Excerpts from a dataset:
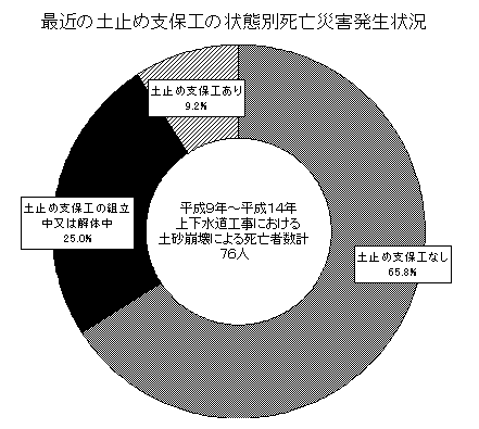 土砂崩壊災害による土止め支保工の状態別死亡災害発生状況(上下水道工事)
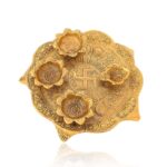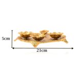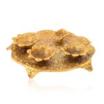 Elevate your spiritual space with this exquisite brass finish pooja thali, featuring an intricate traditional design that beautifully combines form and function. The thali measures 21 cm in length and 5 cm in height, making it a perfect size for both home and office temples. The stunning piece showcases four lotus-shaped diyas arranged symmetrically around a central swastik symbol, all adorned with detailed floral and paisley motifs. The golden brass finish adds a touch of elegance while maintaining the authentic traditional appeal. Each diya cup is crafted in a delicate flower shape with carefully etched details, perfect for holding oil lamps during your daily prayers or special occasions. The thali’s scalloped edges and raised platform design not only enhance its visual appeal but also provide stability. This versatile pooja thali serves as both a functional ritual item and a decorative piece that adds spiritual ambiance to your sacred space. The durable brass construction ensures this thali will remain a cherished part of your worship routine for years to come.
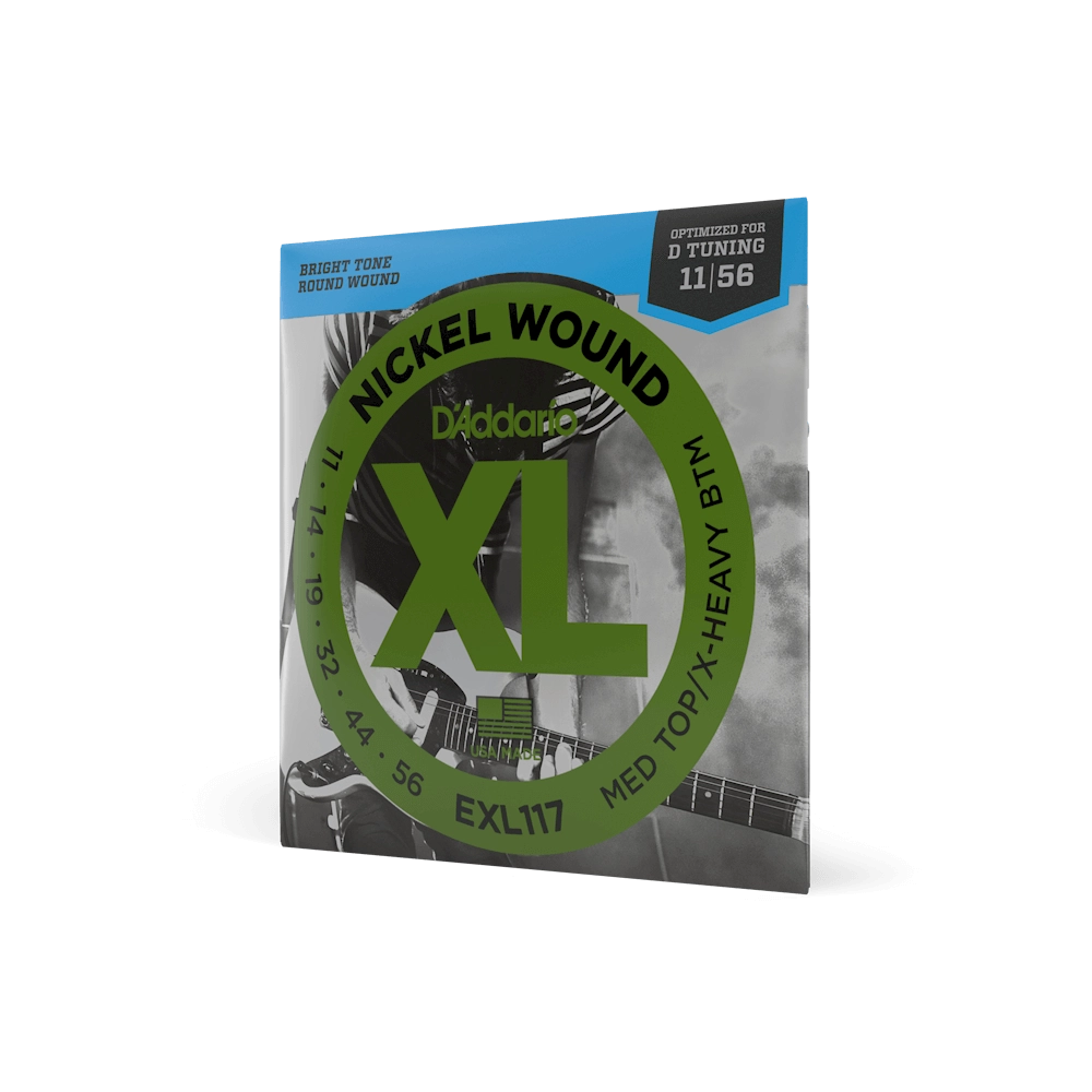 XL Nickel Wound electric guitar strings are the standard against which all other strings are measured. Our best-selling electric set, XL Nickel has been revered by players everywhere since 1974. Made with a high carbon steel core and nickel-plated steel wrap wire, XL Nickel strings have a bright, versatile tone, ideal for a wide variety of musical styles. This 11-56 Medium Top/Extra Heavy Bottom set is designed to maintain a comfortable playing tension when tuning down a whole step to D.
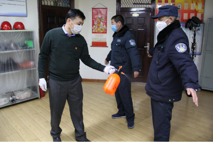 民爆公司黨支部黨員主動承擔(dān)起防控工作,在日常消毒,防控檢查,都能看到他們的身影。
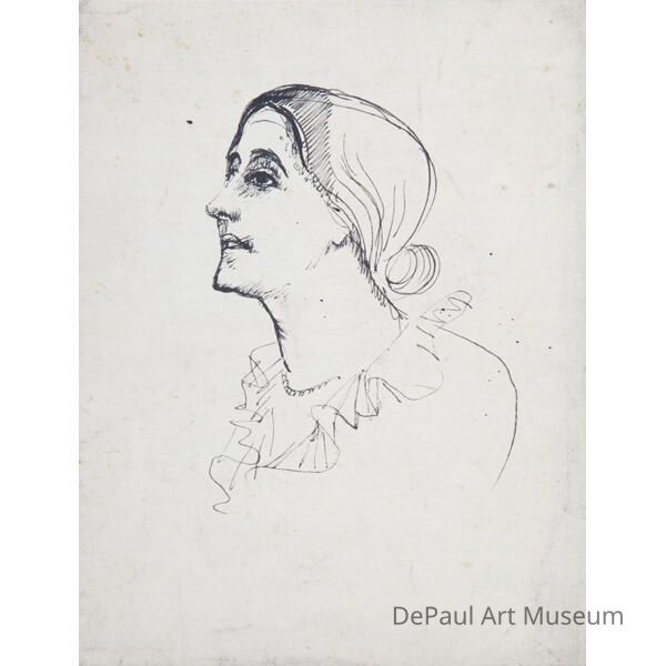 Ink drawn profile of a woman looking up with ruffled collar.Acquisition
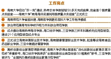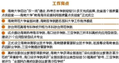 去年,我省出台了《海南省统筹推进高水平大学和一流学科建设实施方案》《海南省十二大重点产业人才培养的五年行动计划》《关于推动本科高校向应用型转变的实施意见》等系列重要文件,着力建立省重点产业“1对1”产教合作创新人才培养联盟,搭建供需双方沟通平台,提高专业设置、课程设置与社会需求的适应性,同时成立了海南省互联网、电子商务、酒店管理等人才培养创新联盟;以我省六大类产业园区为重点,推动职业院校与每个成规模的产业园区一体化办学,促使职业教育与产业发展有机互动、融合发展;将省重点产业人才联合培养纳入我省与江苏、天津、上海、福建等省市,与清华大学、北京大学、中国海洋大学等高校和国内知名企业合作的内容,进一步落实人才联合培养的具体承担院校和具体专业。
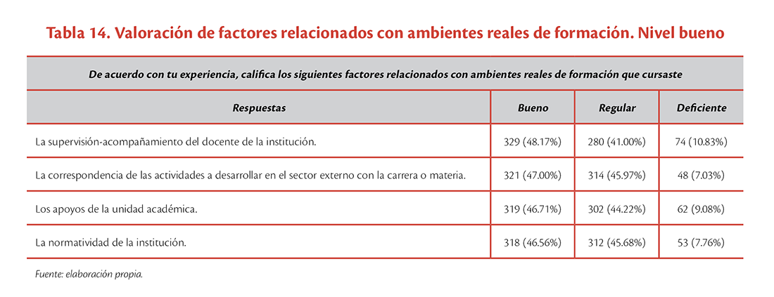 Para concluir con la encuesta, se les pidió calificar en una escala de bueno, regular y deficiente, una serie de factores (ver tabla 14). Es importante mencionar que ninguno de estos tiene un mayor porcentaje en el nivel de deficiente (no superan el 18%), por lo que solo se mencionarán los que se encuentran en el nivel bueno y regular. Los tres factores evaluados con el puntaje más alto en el nivel de bueno son: 1) la supervisión-acompañamiento del docente, con 48.17% (329); 2) la correspondencia de las actividades a desarrollar en el sector externo con la carrera o materia, con 47% (321); y 3) los apoyos de la unidad académica, con 46.71% (319).

### TASK REQUIREMENTS
Can you quote exactly, and only, the lines from the one containing "XL Nickel Wound" through the last line of the records above, keeping both ends and leaving out any pictures?

### RESPONSE AREA
 XL Nickel Wound electric guitar strings are the standard against which all other strings are measured. Our best-selling electric set, XL Nickel has been revered by players everywhere since 1974. Made with a high carbon steel core and nickel-plated steel wrap wire, XL Nickel strings have a bright, versatile tone, ideal for a wide variety of musical styles. This 11-56 Medium Top/Extra Heavy Bottom set is designed to maintain a comfortable playing tension when tuning down a whole step to D.
 民爆公司黨支部黨員主動承擔(dān)起防控工作,在日常消毒,防控檢查,都能看到他們的身影。
 Ink drawn profile of a woman looking up with ruffled collar.Acquisition
 去年,我省出台了《海南省统筹推进高水平大学和一流学科建设实施方案》《海南省十二大重点产业人才培养的五年行动计划》《关于推动本科高校向应用型转变的实施意见》等系列重要文件,着力建立省重点产业“1对1”产教合作创新人才培养联盟,搭建供需双方沟通平台,提高专业设置、课程设置与社会需求的适应性,同时成立了海南省互联网、电子商务、酒店管理等人才培养创新联盟;以我省六大类产业园区为重点,推动职业院校与每个成规模的产业园区一体化办学,促使职业教育与产业发展有机互动、融合发展;将省重点产业人才联合培养纳入我省与江苏、天津、上海、福建等省市,与清华大学、北京大学、中国海洋大学等高校和国内知名企业合作的内容,进一步落实人才联合培养的具体承担院校和具体专业。
 Para concluir con la encuesta, se les pidió calificar en una escala de bueno, regular y deficiente, una serie de factores (ver tabla 14). Es importante mencionar que ninguno de estos tiene un mayor porcentaje en el nivel de deficiente (no superan el 18%), por lo que solo se mencionarán los que se encuentran en el nivel bueno y regular. Los tres factores evaluados con el puntaje más alto en el nivel de bueno son: 1) la supervisión-acompañamiento del docente, con 48.17% (329); 2) la correspondencia de las actividades a desarrollar en el sector externo con la carrera o materia, con 47% (321); y 3) los apoyos de la unidad académica, con 46.71% (319).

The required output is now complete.